"""Implementation of a space that represents finite-length sequences."""

from __future__ import annotations

import typing
from typing import Any, Union

import numpy as np
from numpy.typing import NDArray

import gymnasium as gym
from gymnasium.spaces.space import Space


class Sequence(Space[Union[tuple[Any, ...], Any]]):
    r"""This space represent sets of finite-length sequences.
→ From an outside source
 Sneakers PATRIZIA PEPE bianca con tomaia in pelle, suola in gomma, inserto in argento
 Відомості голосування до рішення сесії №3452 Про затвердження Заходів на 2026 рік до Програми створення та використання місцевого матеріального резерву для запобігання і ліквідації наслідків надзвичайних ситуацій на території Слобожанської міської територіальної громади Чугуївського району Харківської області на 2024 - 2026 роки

    This space represents the set of tuples of the form :math:`(a_0, \dots, a_n)` where the :math:`a_i` belong
    to some space that is specified during initialization and the integer :math:`n` is not fixed

    Example:
        >>> from gymnasium.spaces import Sequence, Box
        >>> observation_space = Sequence(Box(0, 1), seed=0)
        >>> observation_space.sample()
        (array([0.6822636], dtype=float32), array([0.18933342], dtype=float32), array([0.19049619], dtype=float32))
        >>> observation_space.sample()
        (array([0.83506], dtype=float32), array([0.9053838], dtype=float32), array([0.5836242], dtype=float32), array([0.63214064], dtype=float32))
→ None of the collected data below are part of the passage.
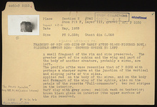 Description:   Lidless lekanis. A small fragment of the rim and side preserved. The greater part of the sphinx and the wing and part of the body of another creature, probably a siren, remain. The profile of the vase resembles that of P 2032 with perhaps a sharper curve at the junction of the vertical and sloping parts of the sides. Applied red on the body of the siren, and on the body and forepart of the wing of the sphinx, also on the petals of the rosette "Full-ornamente"; two red stripes on the interior.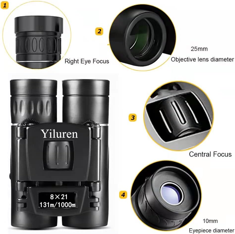 Yiluren 8x21 مصغرة قابلة للطي للطوي للحفلات الموسيقية، السفر، التسلق، المشي لمسافات طويلة، مشاهدة الطيور، مشاهدة القمر
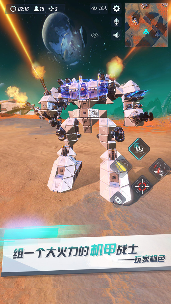 天才工程师们聚在一起,人人都有独门绝技。谁的火力最强?谁的最有创意?谁能生存到最后?这里高度自由、没有规则束缚。无论是正面电磁炮加电锯正面碾碎,躲在暗处冰冻弹搭配迫击炮强力轰炸,还是近身肉搏,远距狙击,全息幻象....在紧张刺激的战局中,搭配最强的武器组合,操控你的最酷机甲,随时和全球玩家来一场天马行空的战斗。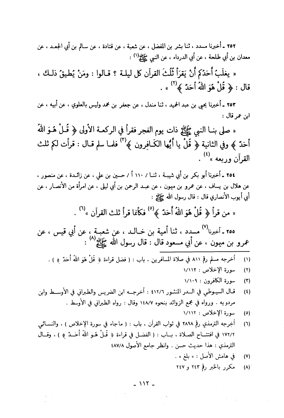 255 - أَخْبَرَنَا مُسَدَّدٌ، حَدَّثَنَا أَحْمَدُ بْنُ خَالِدٍ، عَنْ شُعْبَةَ، عَنْ أَبِي قَيْسٍ، عَنْ عَمْرِو بْنِ مَيْمُونٍ، عَنْ أَبِي مَسْعُودٍ، قَالَ: قَالَ رَسُولُ اللَّهِ صَلَّى اللهُ عَلَيْهِ وَسَلَّمَ: -[113]- «§أَيُغْلَبُ أَحَدُكُمْ أَنْ يَقْرَأَ كُلَّ لَيْلَةٍ، ثُلُثَ الْقُرْآنِ؟» قَالُوا: يَا رَسُولَ اللَّهِ، وَأَيُّنَا يُطِيقُ ذَلِكَ؟ قَالَ: «قُلْ هُوَ اللَّهُ أَحَدٌ»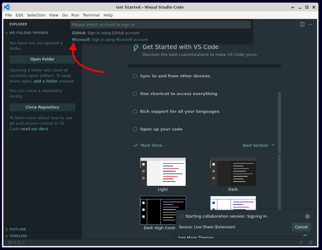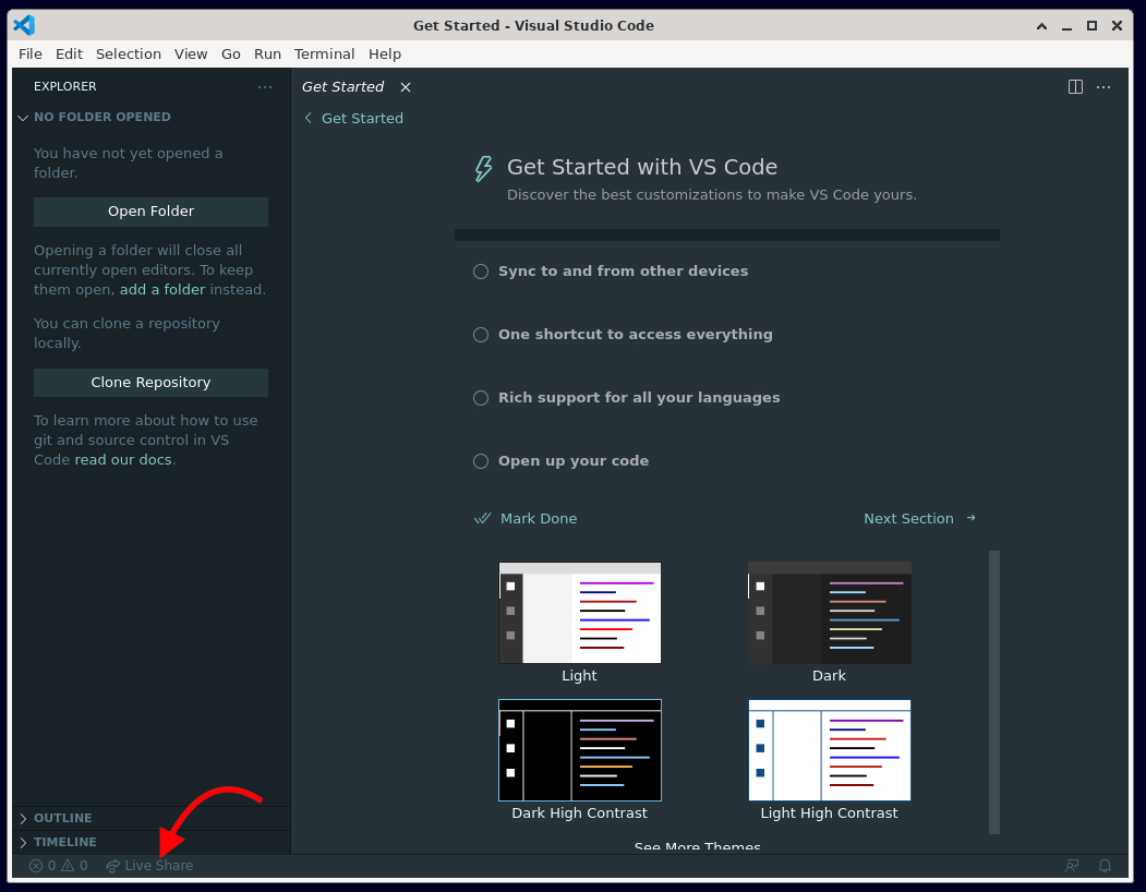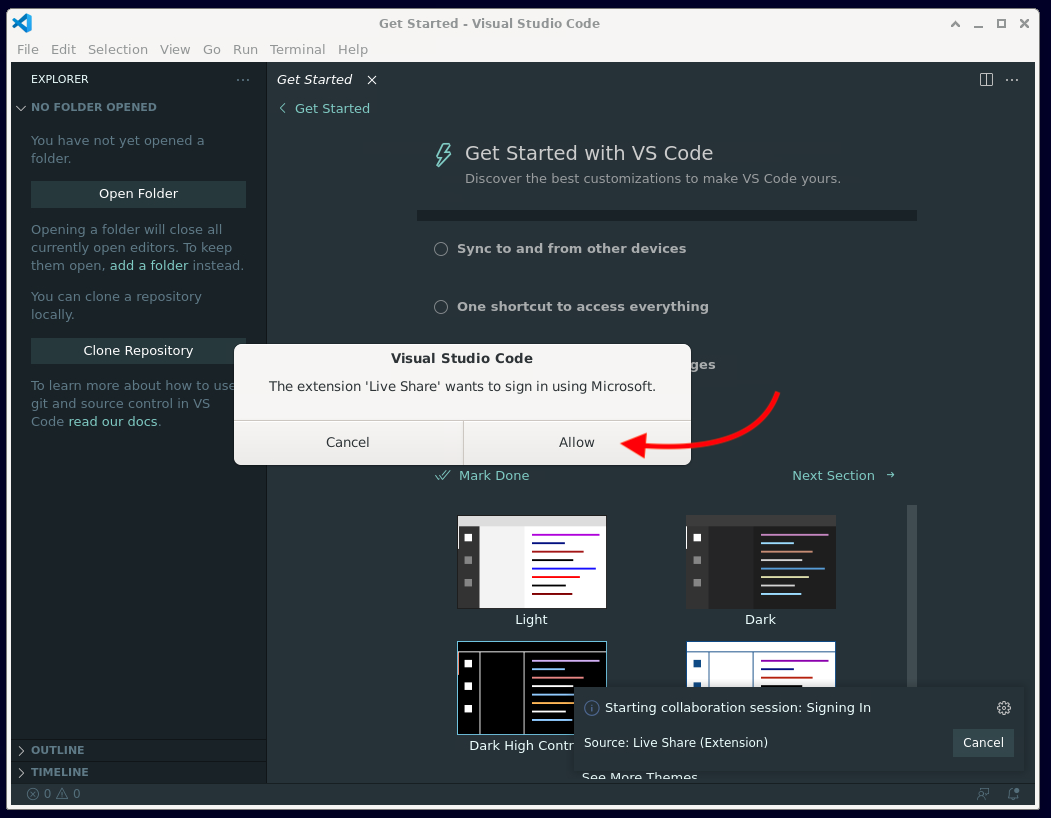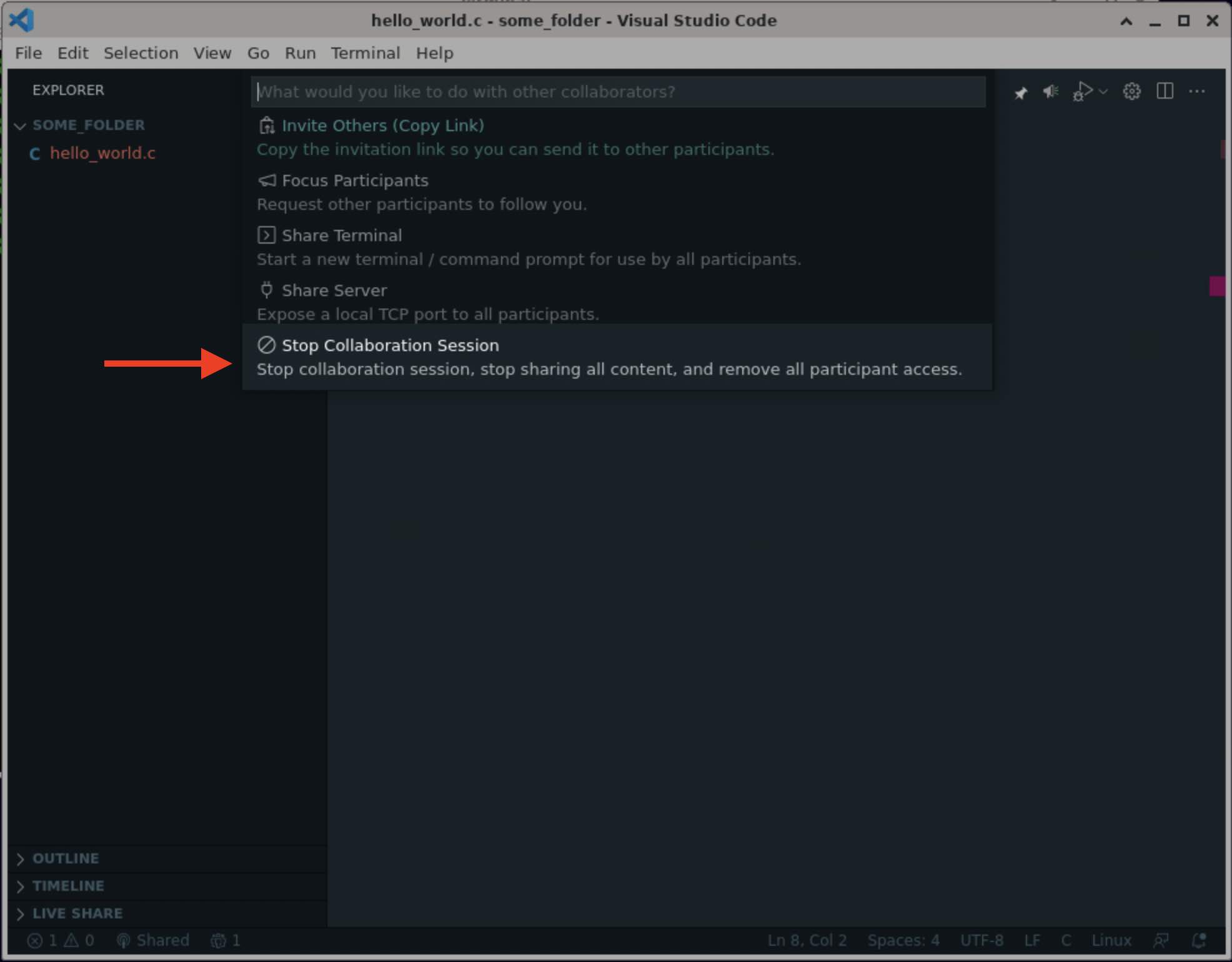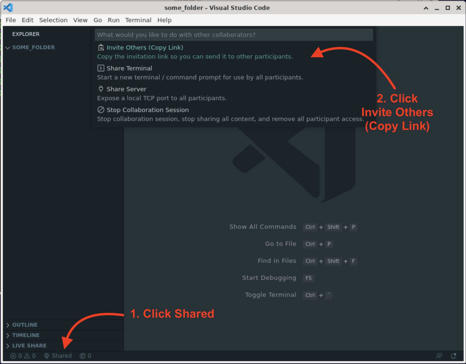 Once you've completed the steps above, you should have a VSCode window which is connected to a Liveshare session.

    Example with stacked observations
        >>> observation_space = Sequence(Box(0, 1), stack=True, seed=0)
        >>> observation_space.sample()
        array([[0.6822636 ],
               [0.18933342],
               [0.19049619]], dtype=float32)
    """

    def __init__(
        self,
        space: Space[Any],
        seed: int | np.random.Generator | None = None,
        stack: bool = False,
    ):
        """Constructor of the :class:`Sequence` space.

        Args:
            space: Elements in the sequences this space represent must belong to this space.
            seed: Optionally, you can use this argument to seed the RNG that is used to sample from the space.
            stack: If ``True`` then the resulting samples would be stacked.
        """
        assert isinstance(
            space, Space
        ), f"Expects the feature space to be instance of a gym Space, actual type: {type(space)}"
        self.feature_space = space
        self.stack = stack
        if self.stack:
            self.stacked_feature_space: Space = gym.vector.utils.batch_space(
                self.feature_space, 1
            )

        # None for shape and dtype, since it'll require special handling
        super().__init__(None, None, seed)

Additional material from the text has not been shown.